It was a forward-looking move that anticipated readers’ changing needs. Over the decades, MWR editors took many more steps into unknown futures, including the 2012 shift to a biweekly schedule and a new name.

At each step along the way, readers of MWR supported these new ventures. The result has been a newspaper that has presented an inclusive vision of Mennonites and global Anabaptism for 95 years.

Today, we and our friends at The Mennonite Inc. are exploring another step of faith — and asking for your support if it comes to pass. We are proposing to create a new, independent, inter-Mennonite media organization by merging Mennonite World Review Inc. and The Mennonite Inc. This includes a recommendation to merge the publications, MWR and The Mennonite, by 2020 to create a new, stronger and more vital witness to our Anabaptist faith.

The final decision-makers are the Mennonite Church USA Executive Board and the 150 members of the MWR corporation. Both will be asked to approve the plan this year.

You can read the details of the merger exploration here. Decisions about the name, format and frequency in print of a new publication are still to come. But an essential part of the vision is certain: If approved, the new organization, like MWR today, will produce independent, inter-Mennonite journalism to inform and connect the global Anabaptist movement.

MWR was founded on an inclusive vision of the Mennonite family of faith. It became a beacon of Mennonite unity — and chronicled the warming of relationships that culminated in a denominational merger.

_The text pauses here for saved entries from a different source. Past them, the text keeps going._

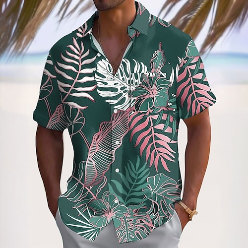 Per uomo Albero di Cocco Fiori tropicali Foglia di palma Camicia hawaiana estiva Camicia con Bottoni Camicia Aloha Manica Corta Hawaiano Ferie Abbigliamento mare Estate Primavera Collo ripiegato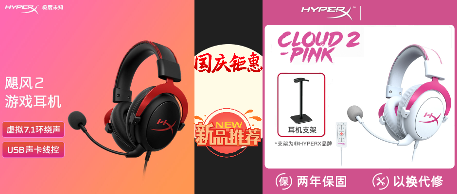HyperX 极度未知 飓风2 电竞耳机 黑红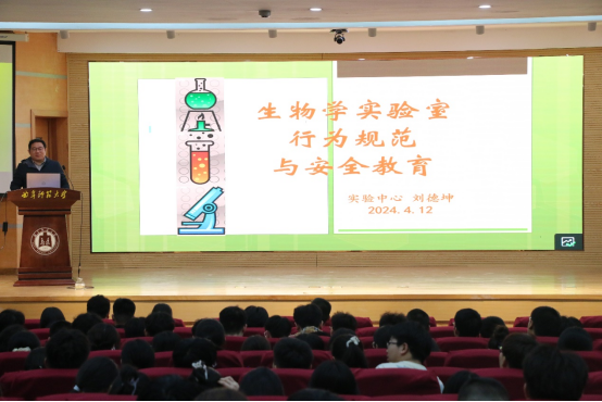 同学们的实验室安全意识,规范实验室行为。4月12日晚上,特邀实验室刘德坤老师在孔子会堂开展“生物学实验室行为规范与安全教育”报告。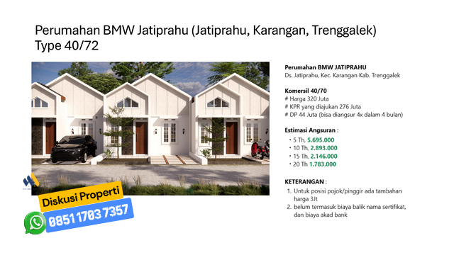 Dengan KPR BMW, Anda bisa mendapatkan hunian impian di Perumahan Subsidi dan Komersil di Kecamatan Pogalan, Wonocoyo, Trenggalek tanpa harus khawatir berlebihan soal biaya.

Today, the integrating impulses that produced a union of the Mennonite Church and General Conference Mennonite Church have given way to new alliances. An inclusive vision for Anabaptist publishing may be as idealistic today as it was in 1923 when a newspaper for all Mennonites first rolled off H.P. Kreh­biel’s press. Yet a dream is emerging for an Anabaptist “flagship” publication that members of MC USA, the Mennonite Brethren, Lancas­ter Mennonite Conference and others can call their own.

Those who ran Krehbiel’s print shop couldn’t have imagined that they were producing what would one day be known as “legacy media” — and that technological change as revolutionary as Gutenberg’s movable-type press would jeopardize its existence.

Based on current financial trends, two separate publishing ventures will have trouble surviving beyond the 2020s without creative action, sooner better than later. Board members and staff of MWR Inc. and The Mennonite Inc. believe preserving vibrant Mennonite journalism for future generations requires combining resources while the organizations are still relatively strong.

MWR was born as a witness for Mennonite unity. Loyal readers have sustained it as a beacon of that inclusive vision. Now we propose a new era of collaborative ministry and leadership in global Anabaptism.